"""

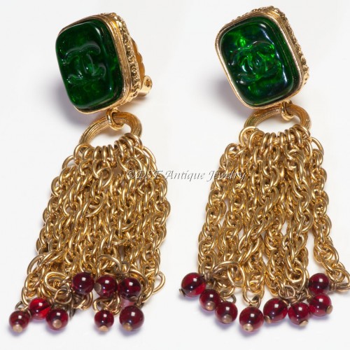 CHANEL Paris Fall 1993 Gripoix Red Green CC Glass Tassel Earrings
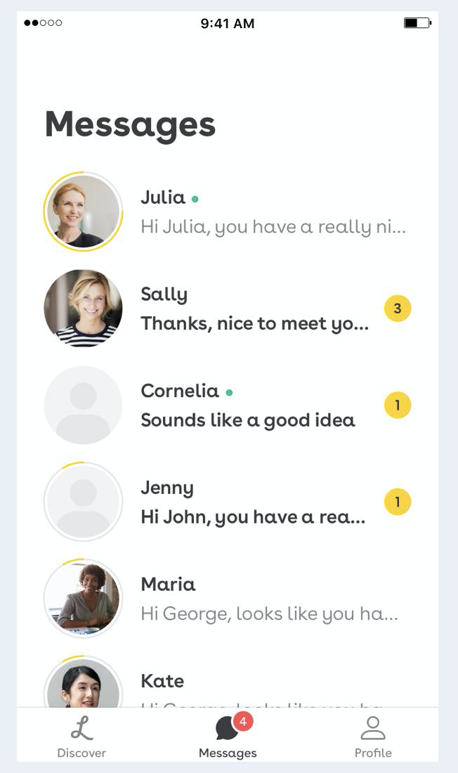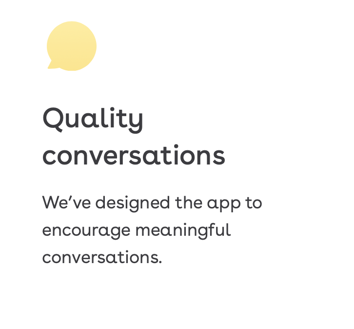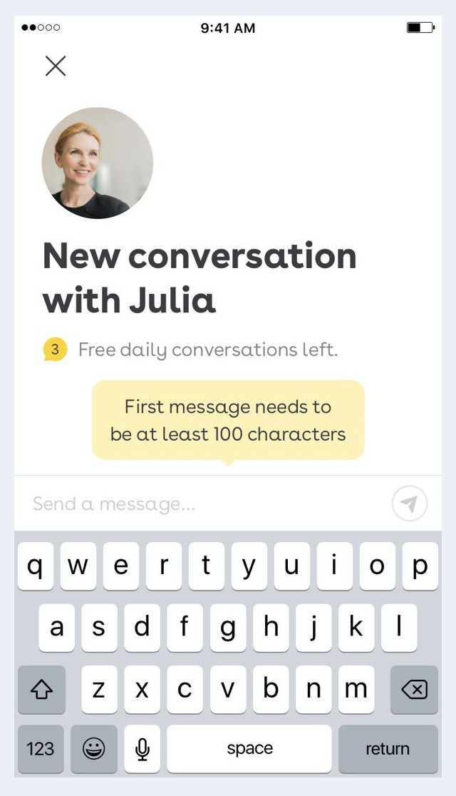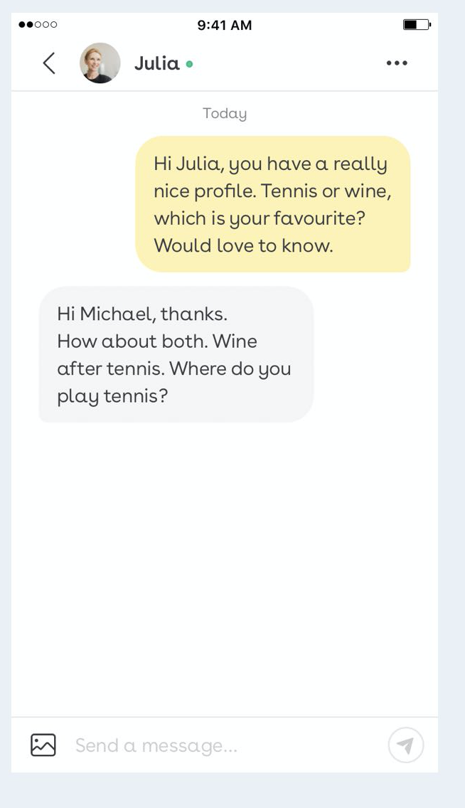 상대방에게 보내는 첫 메시지는 최소 100자이어야 한다. '안녕' '반갑습니다'와 같은 가벼운 인사 대신 '안녕하세요. 사진이 너무 좋네요. 와인이 좋아요 테니스가 좋아요? 뭐가 더 좋을까요?'와 같이 정성 가득한 멘트로 시작해야 한다. 또한 스팸성 대화를 줄이기 위해, 하루 보낼 수 있는 대화 메시지를 제한하고 있다. 또한 상대로부터 답장이 없다면 72시간 이후 메시지는 자동으로 사라진다. 이러한 기능을 통해 불필요한 매칭을 제한하고, 매칭 수가 아닌 대화 품질을 중요시한다.
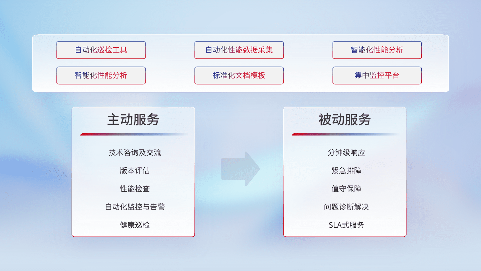智能化工具和标准化文档,,,,保障服务质量,,,提供主动服务(包含技术咨询、、、版本评估、、、性能检查、、自动化监控与告警、、健康巡检)和被动服务包含(分钟级响应、、、紧急排障、、、、值守保障、、、、问题诊断解决、、、、SLA服务)。。
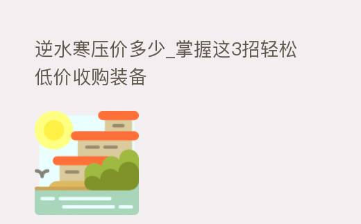 逆水寒压价多少_掌握这3招轻松低价收购装备
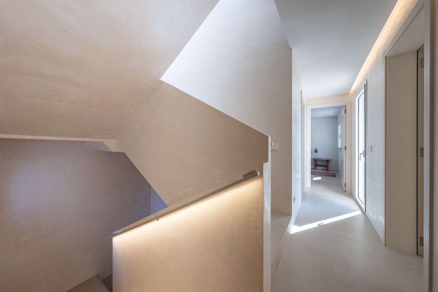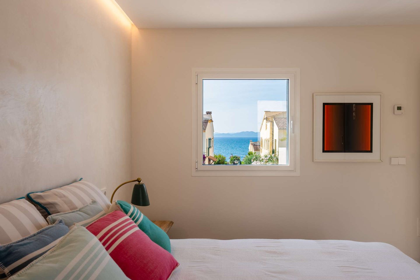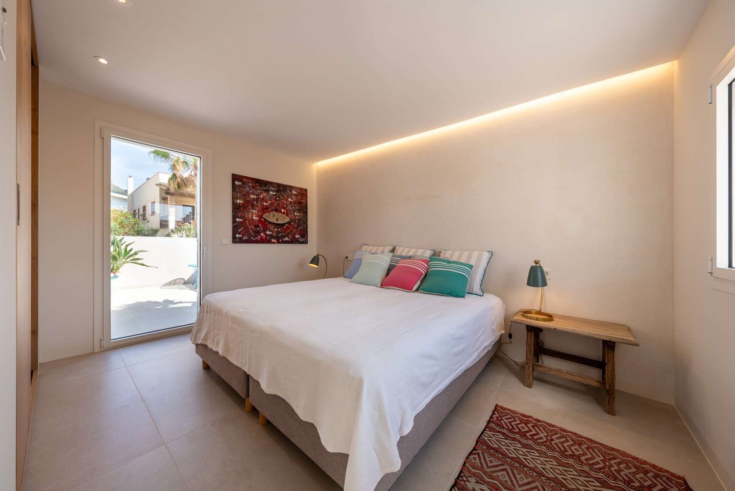 Die Dachterrasse bildet den höchsten Punkt des Hauses. Von hier öffnet sich ein weiter 360-Grad-Blick über die Landschaft. Die Sonnenuntergänge über der Bucht, die sanften Berge des Puig de Ferrutx im Hintergrund und das angrenzende Naturschutzgebiet verleihen diesem Ort eine besondere Atmosphäre.
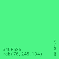Цвет #4CF586 в цветовой модели RGB обозначается тремя октетами (76, 245, 134) в десятичном формате и #4CF586 в шестнадцатиричном (hex) формате, которые являются интенсивностью красного 76 (hex 4C), интенсивность зелёного 245 (hex F5) и интенсивность синего 134 (hex 86).
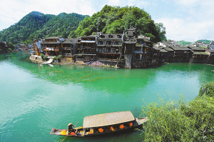 青山绿水的凤凰古城美景(7月8日摄)。 凤凰古城位于湖南省湘西土家族苗族自治州凤凰县境内,是国家历史文化名城,素有“中国最美的小城”之誉。古城紧邻沱江而建,吊脚木楼布满山坡,风景秀丽。 新华社记者 龙弘涛 摄
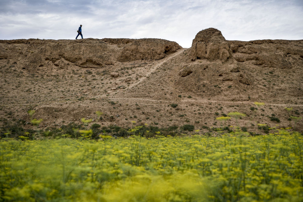 ↑2021年8月12日,李世翔在宁夏海原县西安州古城遗址上。
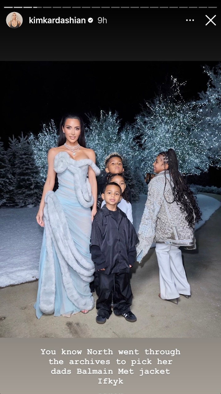 Kim explained online how North went through her Dad’s archives to figure out the perfect party look for today. She found it adorable and even spoke about how the theme also went perfectly with the jacket so why not?
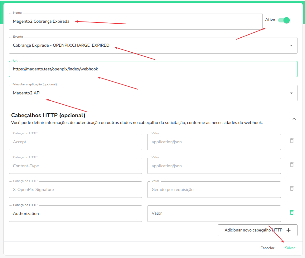 - URL: use o mesmo endereço de webhook aplicado no webhook de "Cobrança Paga", em nosso exemplo estou usando https://magento.test/openpix/index/webhook

"""

= Exercise goal =
Output all the entries above verbatim, please. No images.

= Answer area =
 CHANEL Paris Fall 1993 Gripoix Red Green CC Glass Tassel Earrings
 상대방에게 보내는 첫 메시지는 최소 100자이어야 한다. '안녕' '반갑습니다'와 같은 가벼운 인사 대신 '안녕하세요. 사진이 너무 좋네요. 와인이 좋아요 테니스가 좋아요? 뭐가 더 좋을까요?'와 같이 정성 가득한 멘트로 시작해야 한다. 또한 스팸성 대화를 줄이기 위해, 하루 보낼 수 있는 대화 메시지를 제한하고 있다. 또한 상대로부터 답장이 없다면 72시간 이후 메시지는 자동으로 사라진다. 이러한 기능을 통해 불필요한 매칭을 제한하고, 매칭 수가 아닌 대화 품질을 중요시한다.
智能化工具和标准化文档,,,,保障服务质量,,,提供主动服务(包含技术咨询、、、版本评估、、、性能检查、、自动化监控与告警、、健康巡检)和被动服务包含(分钟级响应、、、紧急排障、、、、值守保障、、、、问题诊断解决、、、、SLA服务)。。
 逆水寒压价多少_掌握这3招轻松低价收购装备
 Die Dachterrasse bildet den höchsten Punkt des Hauses. Von hier öffnet sich ein weiter 360-Grad-Blick über die Landschaft. Die Sonnenuntergänge über der Bucht, die sanften Berge des Puig de Ferrutx im Hintergrund und das angrenzende Naturschutzgebiet verleihen diesem Ort eine besondere Atmosphäre.
Цвет #4CF586 в цветовой модели RGB обозначается тремя октетами (76, 245, 134) в десятичном формате и #4CF586 в шестнадцатиричном (hex) формате, которые являются интенсивностью красного 76 (hex 4C), интенсивность зелёного 245 (hex F5) и интенсивность синего 134 (hex 86).
 青山绿水的凤凰古城美景(7月8日摄)。 凤凰古城位于湖南省湘西土家族苗族自治州凤凰县境内,是国家历史文化名城,素有“中国最美的小城”之誉。古城紧邻沱江而建,吊脚木楼布满山坡,风景秀丽。 新华社记者 龙弘涛 摄
 ↑2021年8月12日,李世翔在宁夏海原县西安州古城遗址上。
 Kim explained online how North went through her Dad’s archives to figure out the perfect party look for today. She found it adorable and even spoke about how the theme also went perfectly with the jacket so why not?
 - URL: use o mesmo endereço de webhook aplicado no webhook de "Cobrança Paga", em nosso exemplo estou usando https://magento.test/openpix/index/webhook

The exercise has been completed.